Joe Patrice: It’s the Muslim ban that like makes me go, no, no, no, that was an unforced error, that’s the point where he just threw in a triple coverage and had no — like no plan while running and looking like a kid out there.
Elie Mystal: Yeah — no, I’m not going to lift my voice one second to defend Giuliani’s tactics or behavior or acumen or abilities or credibility.
Joe Patrice: Yeah, we’ve had that story, we’ve had some — we’re gearing up for tech stuff, we’ve got some law school news, we have some —
Elie Mystal: You know what I want to talk about?
Joe Patrice: Oh no, what have you got?
Elie Mystal: You know what I want to talk about to close the show?
Joe Patrice: Sure. What is that?
Elie Mystal: It’s just the most interesting field of law kind of ever that a lot of people —
Joe Patrice: Oh no, no, no, no, no, no, no, no, no, you’re going to talk about takings.
Elie Mystal: Takings. There’s a takings case that happened that we argued this week, it’s fascinating. It’s not — they’re not taking crickets, they’re taking this woman. Here’s what’s happening Nick v. some township in Pennsylvania, I forget which one.
Joe Patrice: Super.
Elie Mystal: Because I am super-prepared for this show. The Nick case, it was argued in October but there was only eight Supreme Court justices so they re-argued it with Justice Bret this week. The issue of the case was that this woman, Rosemary Nick, owns some property that happens to have a cemetery, I don’t know why she owns part of a cemetery but she owns part of a cemetery, so there is that.
(00:25:03)
Pennsylvania, the township has an ordinance saying that if you own on private land a cemetery, you have to allow for a certain level of public access for people to be able to see their dead loved ones which again seems reasonable. However, Pennsylvania says that this is not a taking and Rosemary Nick says, no, that’s a taking, that’s a government taking to which I am entitled just compensation.

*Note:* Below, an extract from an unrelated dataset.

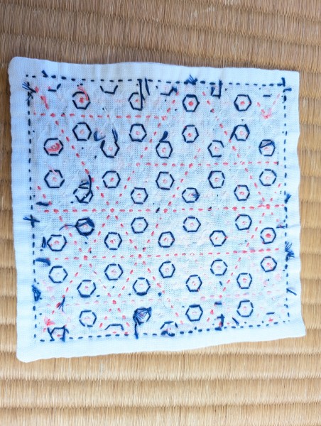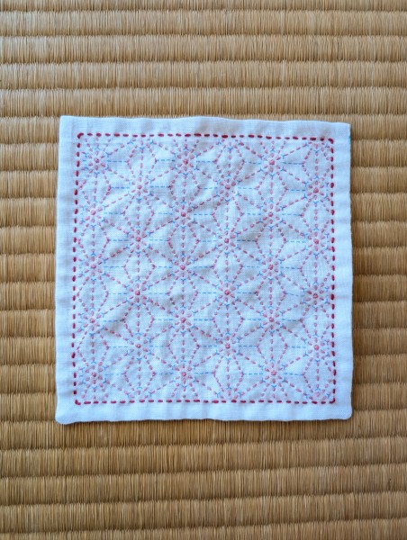 | セリアの刺し子「一目唐花亀甲」です。間違いすぎて裏がぐちゃぐちゃですが、表は可愛いです。 | |

Now, the legal issue is a bit more knotty where the real kind of the Supreme Court issue is that Pennsylvania has kind of a state law process for handling these takings disputes. Pennsylvania saying they don’t owe her any money and they’re saying that Nick has to litigate her entire claim through the Pennsylvania State Court system before she can appeal to the federal courts for her Fifth Amendment rights.
And Rosemary Nick, I think correctly is saying no other constitutionally protected right works that way. If somebody violates a constitutional right, we have an immediate cause of action to go to federal court and defend your constitutional right. So she shouldn’t have to waste time going through Pennsylvania. She should be able to appeal directly to the federal court. That’s the issue that runs in the face — Nick’s argument runs in the face of like a 35-year-old precedent that has entirely settled law, it’s like an eight to one decision written by Antonin Scalia like it’s a lock-solid precedent.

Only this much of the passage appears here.